Here are 4 Emerging Trends in HR Tech
Technology has revolutionized the way HR processes and services are developed, delivered and evaluated. From sourcing, selecting and hiring to organizational design, network, teams and collaboration to employee experience and sentiment measures, innovative solutions have spread across every aspect of HR. To separate the noise from the news, we asked an assortment of HR tech experts to share their thoughts on the most important trends for HR leaders to be following as the year unfolds.
Trend #1: Employee-centric Products
While most people analytics projects to date have supported the business, there is an emerging shift towards using such products to provide value to the employee, according to David Green, executive director of Insight222, a London-based networking, consulting and learning business focused on people analytics. This is manifesting itself in personalized recommendations in areas such as learning and internal opportunities, along with individualized “nudge-based tips” to support better decision-making by managers and workers in areas such as productivity, collaboration, team management, and wellbeing.
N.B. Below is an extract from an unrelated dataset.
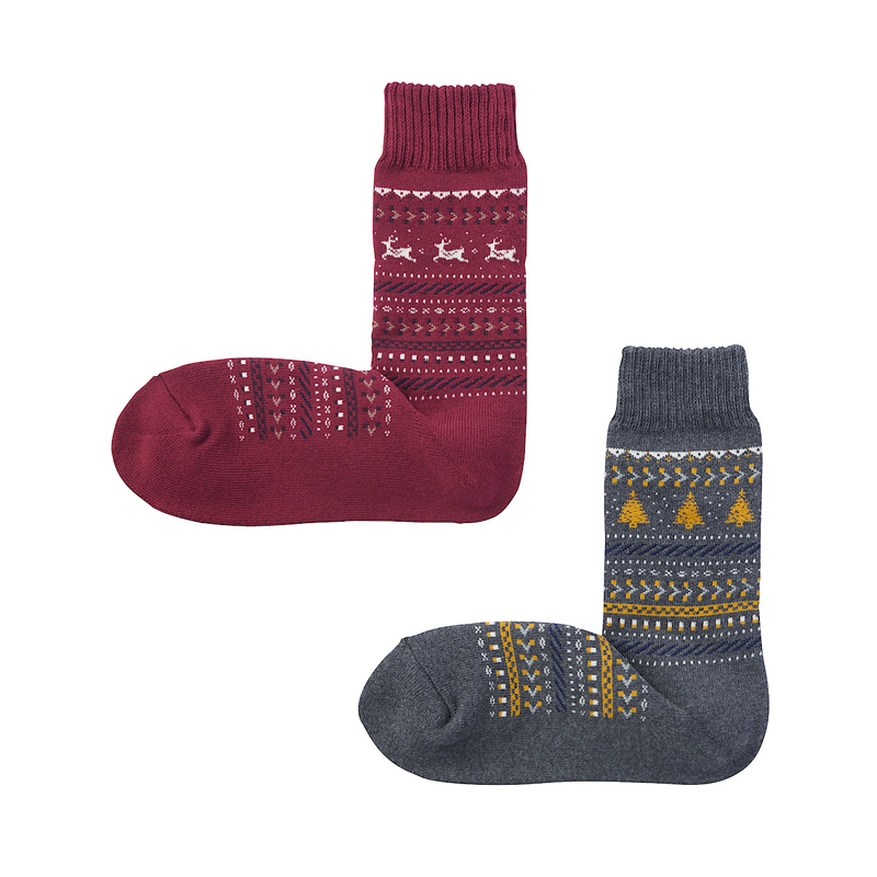 男女棉混厚織圈絨室內直角襪二雙組,350元:不同花色的2雙組合,具有厚度感的圈絨素材。使用有機棉製成。

Indeed, learning and development is the area where HR tech developments have been lagging so far, according to Tom Haak, director of the Amsterdam-based HR Trend Institute. “Most of what we see is old wine in new bottles, like making online learning solutions accessible,” he says. “To really enable learning in the flow of work, we need HR tech solutions that monitor and evaluate the work people are doing, and then offer personalized learning solutions, when required.”
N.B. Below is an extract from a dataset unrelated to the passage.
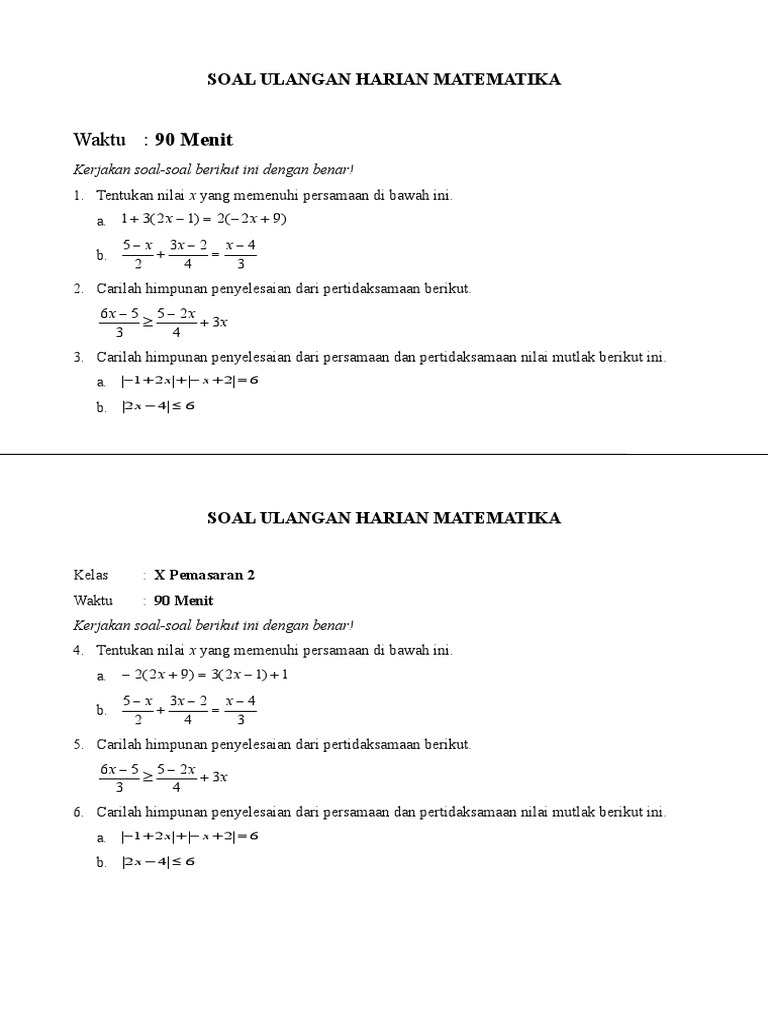 Soal Ulangan Harian Persamaan Dan Pertidaksamaan Nilai

As employees increasingly recognize HR tech solutions are designed primarily with the needs of the organization in mind, Haak expects to see a degree of resistance, as they ask, “What are the benefits for me?”
Trend #2: AI Technologies and Workforce Complexity
The increasingly pervasive deployment of AI-powered technologies is driving “the inevitable bifurcation of key HR functions into tactical versus strategic,” according to Jeanne Achille, CEO of The Devon Group and program chair for the Women in HR Tech Summit at the upcoming HR Technology Conference & Exposition. As the tactical aspects of recruiting, learning, and compensation are more easily automated through AI, Achille urges HR executives to watch the trend closely, as she believes there will be a new emphasis on people-enabled strategic relationship management. She predicts solutions such as organizational network analytics will help identify and calibrate the intensity and range of an employee’s internal and external influence and this valuable data will be used to inform hiring, succession planning, leadership development, and talent mobility.
While many would like to believe that artificial intelligence, algorithms, and machine learning are going to be the panacea that fixes all that ails HR, Stacey Harris, vice president of research and analytics at Sierra-Cedar, cautions that people are going to make missteps in those areas because they assume their organizations are simpler than they are. “We are going to come back around by the end of this year talking about the idea that workforce complexity is really the challenge that we have to address,” says Harris. “To do that, we have to really look at the technologies that capture that complexity.”
Trend #3: The Need to Humanize the Technology
As organizations increasingly rely on data sets and algorithms to guide their decision-making, Harris says HR needs to keep in mind that workers are “human beings with feelings and different approaches to how they are motivated.” While modern technologies allow an organization to determine how many hours someone should spend on each task and even how long they should take for a bathroom break, Harris stresses that factors such as how much time that same individual takes to voluntarily show a new person the ropes isn’t taken into consideration. As a result, that employee may find the time previously utilized for such valuable—but undocumented—activities has been cut. Thus, “optimizing the workforce to the greatest extent” will require HR to look past the algorithm into what’s really going on in the workplace.